Carson Jones

Personal information
- Nickname: Mr.
- Born: Carson Douglas Jones August 19, 1986 Oklahoma City, Oklahoma, U.S.
- Died: March 1, 2025 (aged 38) Oklahoma City, Oklahoma, U.S
- Height: 5 ft 9 in (175 cm)
- Weight: Welterweight Light middleweight

Boxing career
- Reach: 72 in (183 cm)
- Stance: Orthodox

Boxing record
- Total fights: 65
- Wins: 44
- Win by KO: 32
- Losses: 16
- Draws: 3
- No contests: 2

= Carson Jones =

American boxer (1986–2025)

Carson Jones (August 19, 1986 – March 1, 2025) was an American professional boxer at welterweight and the former USBA welterweight champion, who was also the NABA light-middle weight champion, the WBC Continental Americas light-middle weight champion (May 7, 2009), and the NABA USA light middleweight champion. Carson achieved his highest ranking in May 2012, when he was placed as the #4 rated welterweight in the world by the IBF. He competed from 2004 to 2023.

==Professional career==

=== 2004–2009 ===
Jones began his professional career at the age of 18 on October 5, 2004, with a TKO win over Sheldon Mosley. Starting in the light-middle weight division he would go on to earn a record of 23–7–1 (15 KOs) by the end of 2009. He credited his early losses to his previous management throwing him in the ring prematurely. For losses, by the end of 2009, his opposition's combined recorded was 102–19–8. His first loss came by way of unanimous decision to Favio Media (7–1–2) with whom he had previously fought to a draw.

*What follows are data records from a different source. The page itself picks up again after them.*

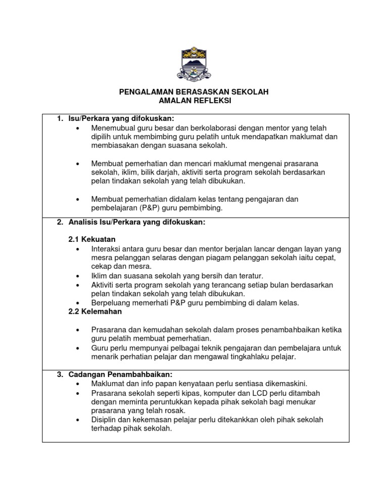 Contoh Laporan Pengalaman Berasaskan Sekolah
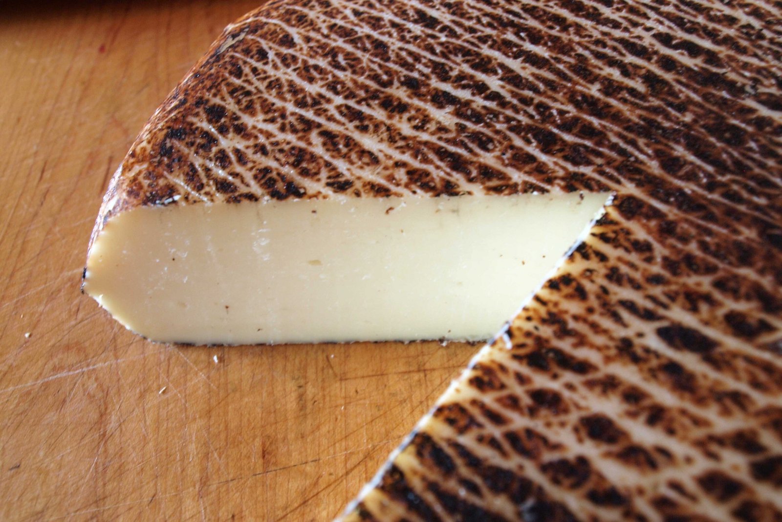Bonnechere is a semi-firm, pale yellow cheese with a textured mahogany rind. Moderately long finish with flavours of citrus and slightly sour hickory smoke.
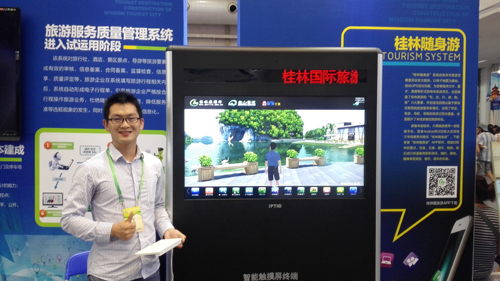 2015中国-东盟博览会旅游展5月29日在桂林国际会展中心举行,来自世界50个国家和地区的嘉宾、近800家企业和300多名海外买家前来参展参会。Beat365官网大学生创新创业基地入驻的“三维虚拟旅游”项目参展。 “三维虚拟旅游”在桂林旅游局的智慧旅游馆作为智慧旅游项目对国内外来宾进行展示推荐。入驻项目负责人、Beat365官网毕业生方鹏介绍,此项目是根据景区一比一实景打造,可以让游客未出游而一睹景区芳容,犹如身临其景,同时为游客先熟悉一景一物,作详细的景区导游导览和周边吃喝玩乐服务。 该项目作品《象山景区三维旅游平台》已成功登入桂林智能触摸屏机,在桂林市区主要星级饭店和重点旅游景区共布设50台,让游客体会到了“未出游,先亲临”的数字化虚拟旅游体验。

====Carson Jones vs. Alfonso Gomez====
After turning age 20 a little more than two weeks prior, Jones fought Alfonso Gomez at the ARCO Arena in Sacramento, California on August 25, 2006. Throughout the match Gomez aggressively pressured an outmatched Jones, eventually winning a premature and controversial stoppage in the eighth and final round. Jones was clearly unharmed and able to continue defending himself but the referee declared a TKO.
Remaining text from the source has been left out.